■ **Task objective**: What is needed is an exact transcription of the listing, with the images removed.

■ **Exercise data**:

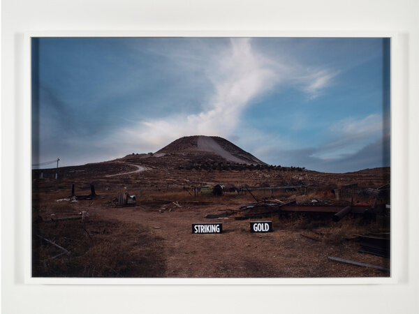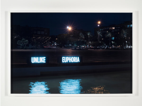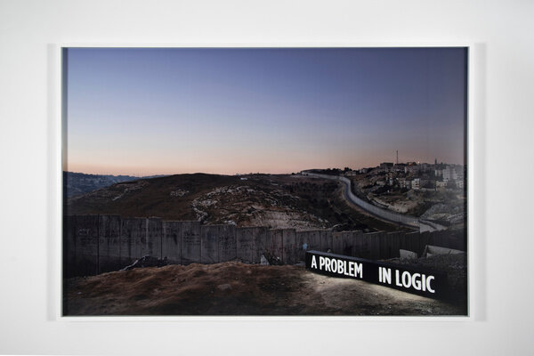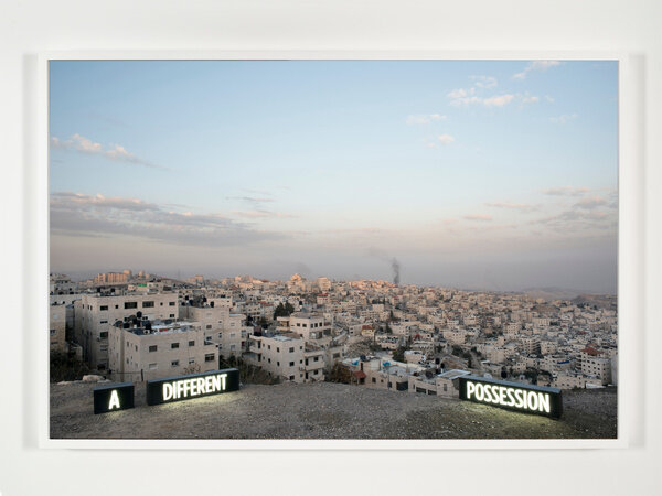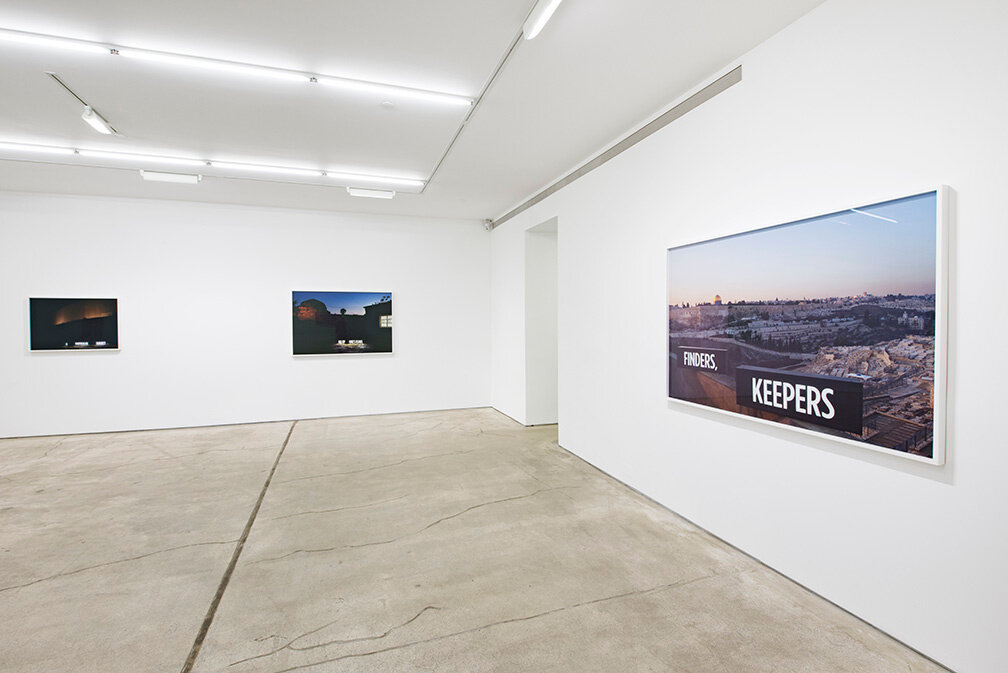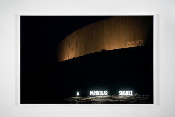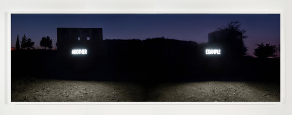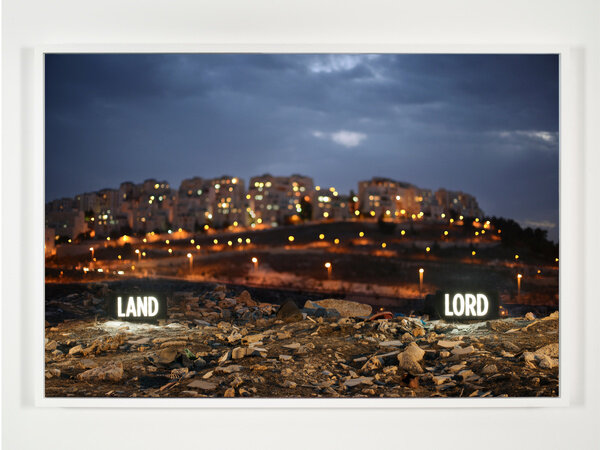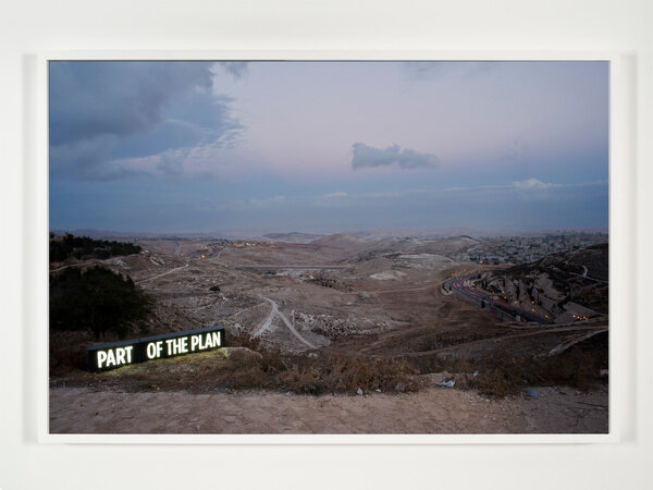 In 2014, Attie inserted approximately thirty custom light boxes of illuminated text into the contested landscape to produce site-specific installations staged specifically to be photographed. The glowing words both comment on the surrounding region and literally illuminate it, while additionally suggesting the inability of text and image to fully convey meaning.
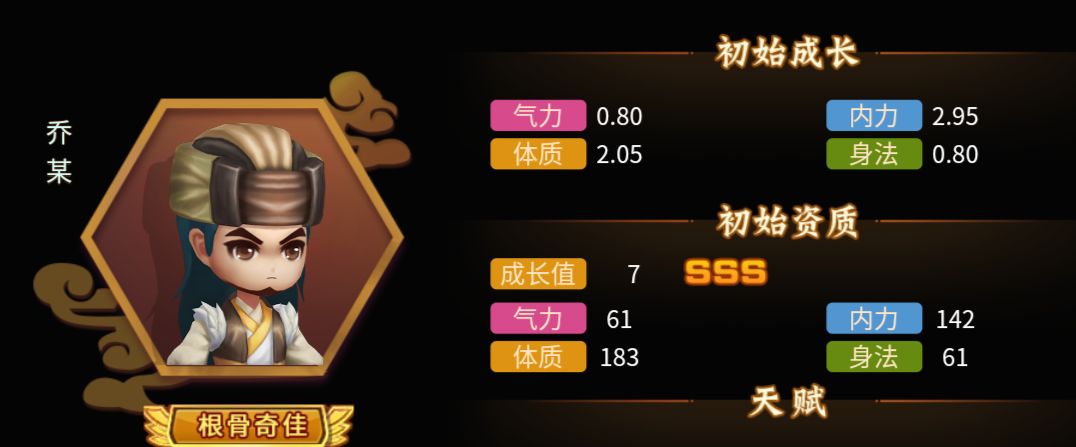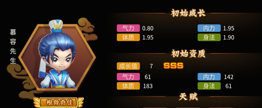 综合评价:1.S级辅助,天赋一让其成为五维战士,但是作为一个没有输出天赋的辅助,外功和内功的提升意义不大,反而初始的61身法有点尴尬。2.天赋二的游侠增益非常不错,很适合和主角一起出场,或者其他走控制的游侠,但是游侠队的问题在于没有强力输出。3.之所以能评为S级辅助,因为其经脉技能实在是炸,持续三回合的全队五维debuff,非常有价值。
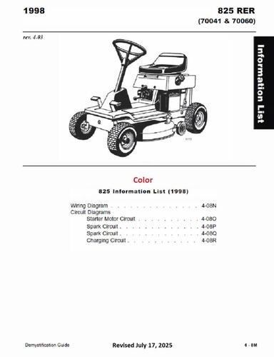 1998 8-25 Rear Engine Rider model 70060 Serial 89000001-89999999 - Export model 8-25e
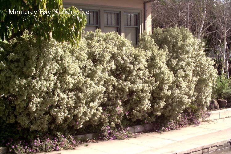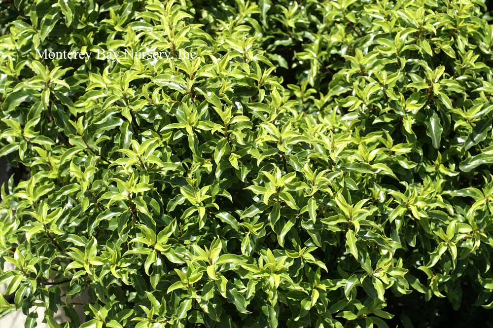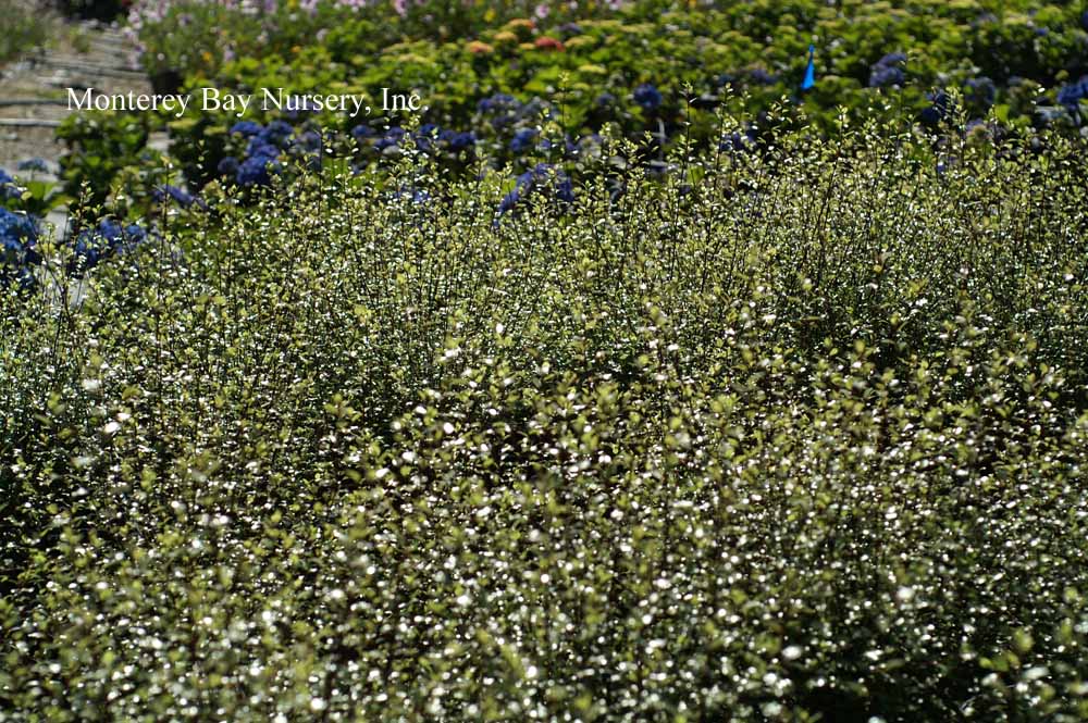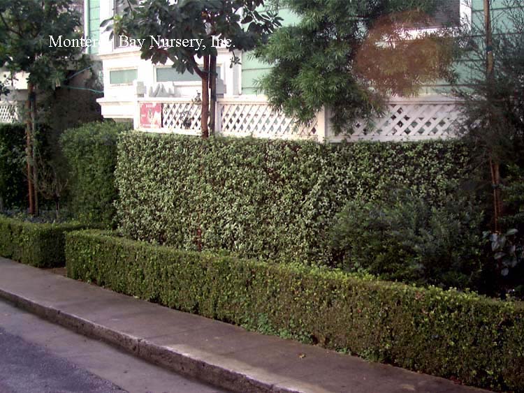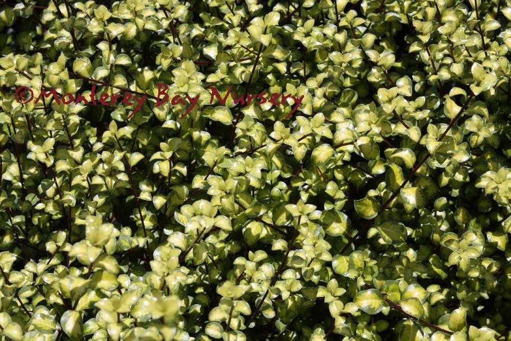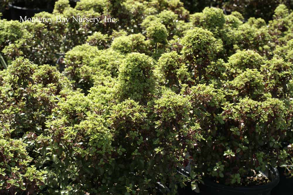 backlit  clipped hedge  tiny, round, glossy, silvery green leaves against black stems, with very fine textured, relatively sparse on the branches and of open growth at first but later filling in to become very dense. In fact I would say this may be the best overall screening variety due to its fast growth, extremely full habit and tendency to quickly fill any holes in its outline. The foliage is highly reflective and quite impressive when lit from an angle. Fast, reaching quite quickly in spite of its demure scale, upright to rounded in shape, forming an almost impenetrable mass of foliage. One planting I know of looks almost like a vertical patch of Muhlenbeckia complexa, Mattress Vine. rev 4/2007
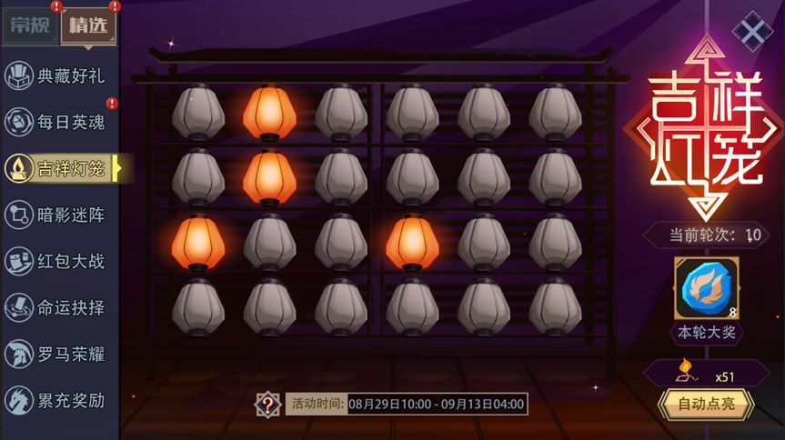 活动内容:活动期间,消耗“如意灯芯”来点亮灯笼,每次能获得“随机奖励”或“本轮大奖”。获得“本轮大奖”后,将重置已点亮的全部灯笼并进入下一轮游戏。每一轮开始时可自选一项大奖,每逢进行10的整数倍轮次时,“本轮大奖”的内容将全面升级。
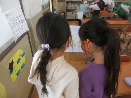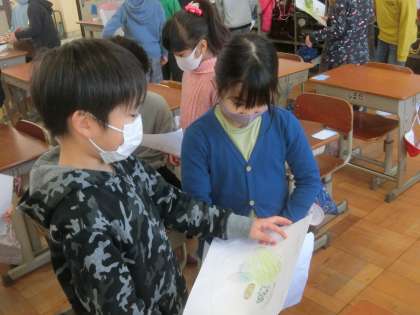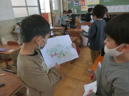 出来上がったサラダカードを,ペアで紹介しあいました。サラダのタイトルや,内容を全部英語で言うことができ,とても満足そうでした。
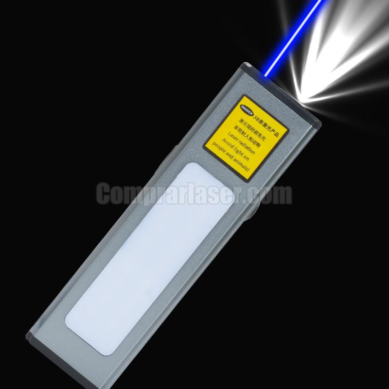 Esta linterna está especialmente diseñada para acampar de noche. Cuenta con un LED de alta luminosidad y un láser azul integrado. Su carcasa rectangular incluye una práctica función de carga USB. ¿Buscas una linterna LED con láser azul? Esta es la opción perfecta.
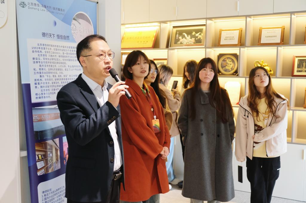 随后,德恒西咸律所执行主任范玉华律师带领爱体育平台师生参观了律所的办公环境,如合伙人办公室、西北地区共享办公室、模拟法庭等,以便广大学子可以更加直观地感受律师职业的工作日常和专业氛围。范律师介绍了德恒律师事务所的成立时间、现有机构数量,以及在党建工作和法律服务方面的全面布局和成就。在党建工作方面,他指出德恒律所坚持“分所开在哪里,党支部就建在哪里”的原则,以党建促所建,明确党建在业务发展中的引领作用,荣获“全国先进党组织”的荣誉称号;在法律服务方面,他指出德恒律所服务“一带一路”等国家重要战略项目,为国家发展贡献力量。
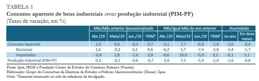 Frente a junho de 2018, o Indicador registrou retração de 6,8% na demanda interna por bens industriais, resultado que ficou aquém do desempenho da produção industrial (recuo de 5,9%), mensurada pela Pesquisa Industrial Mensal de Produção Física (PIM-PF) do Instituto Brasileiro de Geografia e Estatística (IBGE).
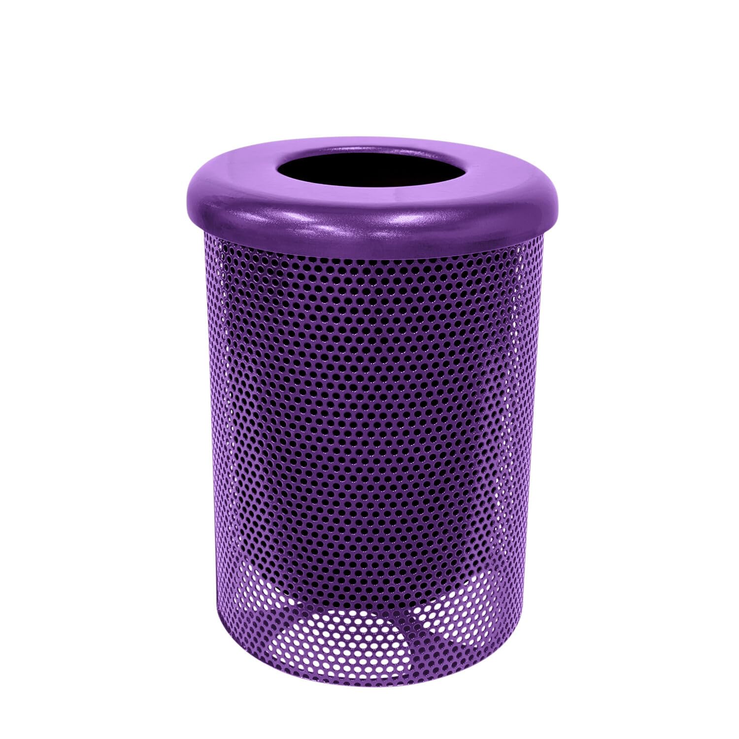 COATEDOUTDOORFURNITURE RFT-P-TXTPUR Heavy Duty Round Trash Receptacle with Flat Top, Liner Included, 32 Gallon, Textured Purple, Made in America
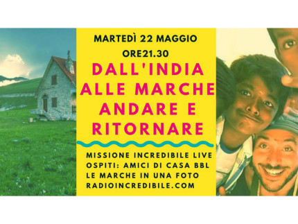 La Onlus Amici di Casa BBL ospite a Radio Incredibile per raccontare i progetti sostenuti in India. La puntata speciale, dal titolo “Dall’India alle Marche, Andare e Ritornare- Missione Incredibile”, sarà on Air martedì 22 maggio dalle 21.30 sul sito www.radioincredibile.com.
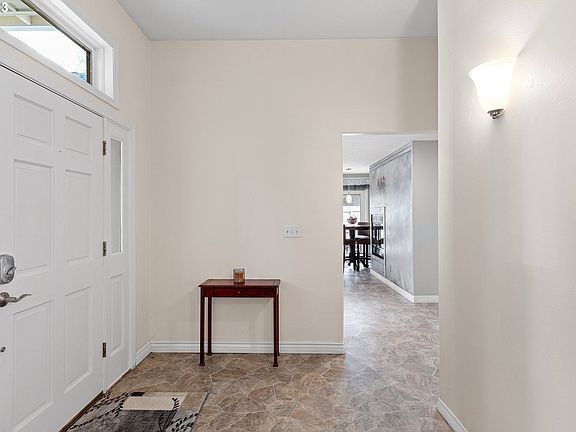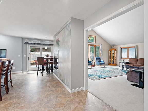 Fabulous single-level Thurston home with lovely kitchen featuring white cabinets, granite countertops, island with eating bar, walk-in pantry, flat screen tv, eating area and double sided fireplace that connects the kitchen and living room. The spacious living room is adorned with vaulted ceilings and large picture windows. Formal dining room, perfect for hosting gatherings and special occasions. The primary suite is a true retreat with vaulted ceilings, door to patio for easy access to hot tub, double vanities, soaking tub, walk-in shower, and an expansive walk-in closet that accommodates all your storage needs. With three additional bedrooms there's room for everyone. The second bath is thoughtfully designed with stunning copper countertop, adding a touch of elegance. Step outside onto the large covered patio, complete with ceiling fans and lights, creating an ideal space for outdoor enjoyment regardless of the weather. Enjoy the soothing sounds of the water feature or relax and unwind in the hot tub in the beautifully landscaped fenced yard. Two car garage, extra deep on one side. Additionally home features a 1 year old heat pump & dishwasher. Home open Sat 8/26 10am-12pm.

■ **Finished exercise**:
 In 2014, Attie inserted approximately thirty custom light boxes of illuminated text into the contested landscape to produce site-specific installations staged specifically to be photographed. The glowing words both comment on the surrounding region and literally illuminate it, while additionally suggesting the inability of text and image to fully convey meaning.
 综合评价:1.S级辅助,天赋一让其成为五维战士,但是作为一个没有输出天赋的辅助,外功和内功的提升意义不大,反而初始的61身法有点尴尬。2.天赋二的游侠增益非常不错,很适合和主角一起出场,或者其他走控制的游侠,但是游侠队的问题在于没有强力输出。3.之所以能评为S级辅助,因为其经脉技能实在是炸,持续三回合的全队五维debuff,非常有价值。
 1998 8-25 Rear Engine Rider model 70060 Serial 89000001-89999999 - Export model 8-25e
 backlit  clipped hedge  tiny, round, glossy, silvery green leaves against black stems, with very fine textured, relatively sparse on the branches and of open growth at first but later filling in to become very dense. In fact I would say this may be the best overall screening variety due to its fast growth, extremely full habit and tendency to quickly fill any holes in its outline. The foliage is highly reflective and quite impressive when lit from an angle. Fast, reaching quite quickly in spite of its demure scale, upright to rounded in shape, forming an almost impenetrable mass of foliage. One planting I know of looks almost like a vertical patch of Muhlenbeckia complexa, Mattress Vine. rev 4/2007
 活动内容:活动期间,消耗“如意灯芯”来点亮灯笼,每次能获得“随机奖励”或“本轮大奖”。获得“本轮大奖”后,将重置已点亮的全部灯笼并进入下一轮游戏。每一轮开始时可自选一项大奖,每逢进行10的整数倍轮次时,“本轮大奖”的内容将全面升级。
 出来上がったサラダカードを,ペアで紹介しあいました。サラダのタイトルや,内容を全部英語で言うことができ,とても満足そうでした。
 Esta linterna está especialmente diseñada para acampar de noche. Cuenta con un LED de alta luminosidad y un láser azul integrado. Su carcasa rectangular incluye una práctica función de carga USB. ¿Buscas una linterna LED con láser azul? Esta es la opción perfecta.
 随后,德恒西咸律所执行主任范玉华律师带领爱体育平台师生参观了律所的办公环境,如合伙人办公室、西北地区共享办公室、模拟法庭等,以便广大学子可以更加直观地感受律师职业的工作日常和专业氛围。范律师介绍了德恒律师事务所的成立时间、现有机构数量,以及在党建工作和法律服务方面的全面布局和成就。在党建工作方面,他指出德恒律所坚持“分所开在哪里,党支部就建在哪里”的原则,以党建促所建,明确党建在业务发展中的引领作用,荣获“全国先进党组织”的荣誉称号;在法律服务方面,他指出德恒律所服务“一带一路”等国家重要战略项目,为国家发展贡献力量。
 Frente a junho de 2018, o Indicador registrou retração de 6,8% na demanda interna por bens industriais, resultado que ficou aquém do desempenho da produção industrial (recuo de 5,9%), mensurada pela Pesquisa Industrial Mensal de Produção Física (PIM-PF) do Instituto Brasileiro de Geografia e Estatística (IBGE).
 COATEDOUTDOORFURNITURE RFT-P-TXTPUR Heavy Duty Round Trash Receptacle with Flat Top, Liner Included, 32 Gallon, Textured Purple, Made in America
 La Onlus Amici di Casa BBL ospite a Radio Incredibile per raccontare i progetti sostenuti in India. La puntata speciale, dal titolo “Dall’India alle Marche, Andare e Ritornare- Missione Incredibile”, sarà on Air martedì 22 maggio dalle 21.30 sul sito www.radioincredibile.com.
 Fabulous single-level Thurston home with lovely kitchen featuring white cabinets, granite countertops, island with eating bar, walk-in pantry, flat screen tv, eating area and double sided fireplace that connects the kitchen and living room. The spacious living room is adorned with vaulted ceilings and large picture windows. Formal dining room, perfect for hosting gatherings and special occasions. The primary suite is a true retreat with vaulted ceilings, door to patio for easy access to hot tub, double vanities, soaking tub, walk-in shower, and an expansive walk-in closet that accommodates all your storage needs. With three additional bedrooms there's room for everyone. The second bath is thoughtfully designed with stunning copper countertop, adding a touch of elegance. Step outside onto the large covered patio, complete with ceiling fans and lights, creating an ideal space for outdoor enjoyment regardless of the weather. Enjoy the soothing sounds of the water feature or relax and unwind in the hot tub in the beautifully landscaped fenced yard. Two car garage, extra deep on one side. Additionally home features a 1 year old heat pump & dishwasher. Home open Sat 8/26 10am-12pm.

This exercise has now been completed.